**DATASET EXTRACT**
- Opening Delimiter -
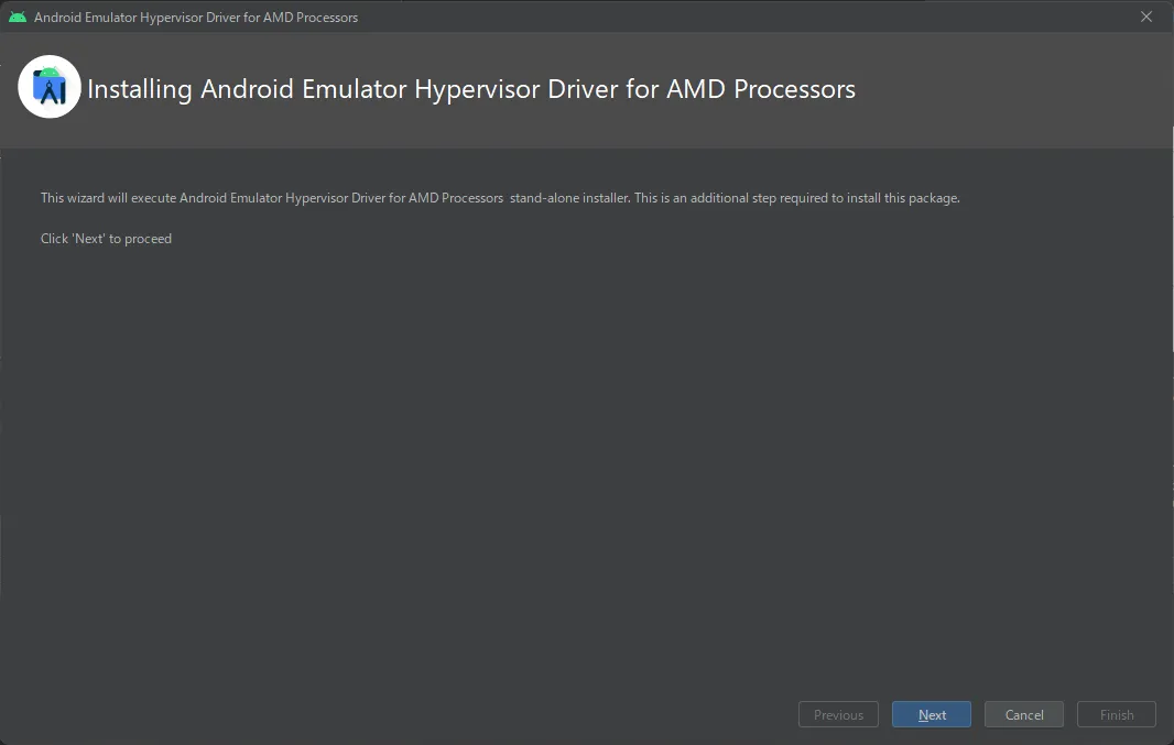 AMD用のHypervisor Driverのインストールのダイアログがさらに開きましたので、「Next」をクリック。
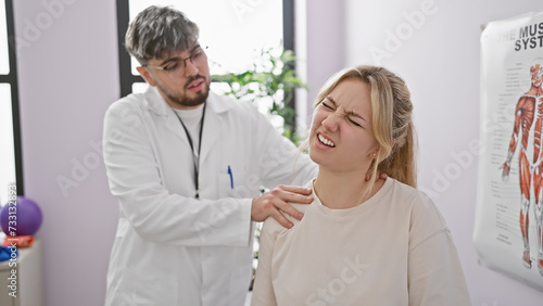 A male physiotherapist evaluates a woman's neck pain in a bright rehabilitation clinic.
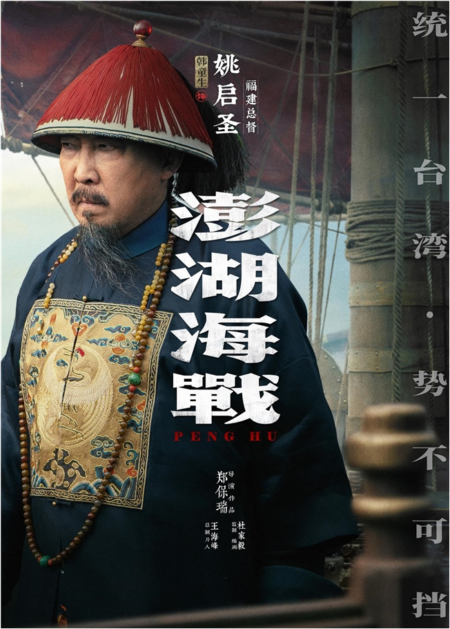 海報(bào)中,王學(xué)圻老師扮演的福建水師提督施瑯“懷私不計(jì),止戈兩岸”的“皓首老將”形象躍然而出;青年演員易烊千璽飾演27至29歲的康熙皇帝,眉宇間凝聚著“英年雄主,運(yùn)籌千里,一統(tǒng)山河”的決心;青年演員侯雯元扮演的福建水師外委把總施世驊,戰(zhàn)場(chǎng)上與父親和水兵兄弟“肝膽相照”,但經(jīng)歷澎湖“戰(zhàn)火洗恨”后卻“釋刃歸帆”;青年演員羅一舟扮演的是投軍福建水師擔(dān)當(dāng)碇手的“莆田漁戶”許天曹,心中最大愿念是與家人“同舟起航,祈求團(tuán)圓”;韓童生老師扮演的是重要的“平臺(tái)輔臣”福建總督姚啟圣,澎湖海戰(zhàn)后“夢(mèng)圓海靖邊寧”;演員胡明飾演了福建水師左營游擊劉克宏,此人在電影中則是“暗懷異志,結(jié)黨怠戰(zhàn),惑亂軍心”的人物;馬京京塑造的是福建水師總兵朱天貴,此人在歷史上是著名的“海戰(zhàn)驍將”,澎湖海戰(zhàn)中最終“懷忠抱憾,血染沙場(chǎng)”;演員答有為扮演的福建水師后營游擊曾成,在澎湖海戰(zhàn)中“赤膽忠心,臨危不懼,英魂鎮(zhèn)?!薄?/p>
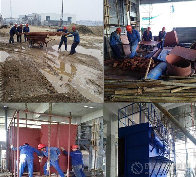在一車間副主任邢文華和班長來永劉的帶領下,他們短時間內趕到現(xiàn)場,在安營扎寨后,經與客戶進行溝通交流,就迅速投入到人員分工、現(xiàn)場測量、制定施工組織方案、技術交底等工作中,大家各司其責,各就其位,拉開了現(xiàn)場制作安裝袋式除塵器的序幕……
- Closing Delimiter -
**EXERCISE**
Print the listing verbatim, images excluded.

**OUTPUT OF THE TASK**
 AMD用のHypervisor Driverのインストールのダイアログがさらに開きましたので、「Next」をクリック。
 A male physiotherapist evaluates a woman's neck pain in a bright rehabilitation clinic.
 海報(bào)中,王學(xué)圻老師扮演的福建水師提督施瑯“懷私不計(jì),止戈兩岸”的“皓首老將”形象躍然而出;青年演員易烊千璽飾演27至29歲的康熙皇帝,眉宇間凝聚著“英年雄主,運(yùn)籌千里,一統(tǒng)山河”的決心;青年演員侯雯元扮演的福建水師外委把總施世驊,戰(zhàn)場(chǎng)上與父親和水兵兄弟“肝膽相照”,但經(jīng)歷澎湖“戰(zhàn)火洗恨”后卻“釋刃歸帆”;青年演員羅一舟扮演的是投軍福建水師擔(dān)當(dāng)碇手的“莆田漁戶”許天曹,心中最大愿念是與家人“同舟起航,祈求團(tuán)圓”;韓童生老師扮演的是重要的“平臺(tái)輔臣”福建總督姚啟圣,澎湖海戰(zhàn)后“夢(mèng)圓海靖邊寧”;演員胡明飾演了福建水師左營游擊劉克宏,此人在電影中則是“暗懷異志,結(jié)黨怠戰(zhàn),惑亂軍心”的人物;馬京京塑造的是福建水師總兵朱天貴,此人在歷史上是著名的“海戰(zhàn)驍將”,澎湖海戰(zhàn)中最終“懷忠抱憾,血染沙場(chǎng)”;演員答有為扮演的福建水師后營游擊曾成,在澎湖海戰(zhàn)中“赤膽忠心,臨危不懼,英魂鎮(zhèn)?!薄?/p>
在一車間副主任邢文華和班長來永劉的帶領下,他們短時間內趕到現(xiàn)場,在安營扎寨后,經與客戶進行溝通交流,就迅速投入到人員分工、現(xiàn)場測量、制定施工組織方案、技術交底等工作中,大家各司其責,各就其位,拉開了現(xiàn)場制作安裝袋式除塵器的序幕……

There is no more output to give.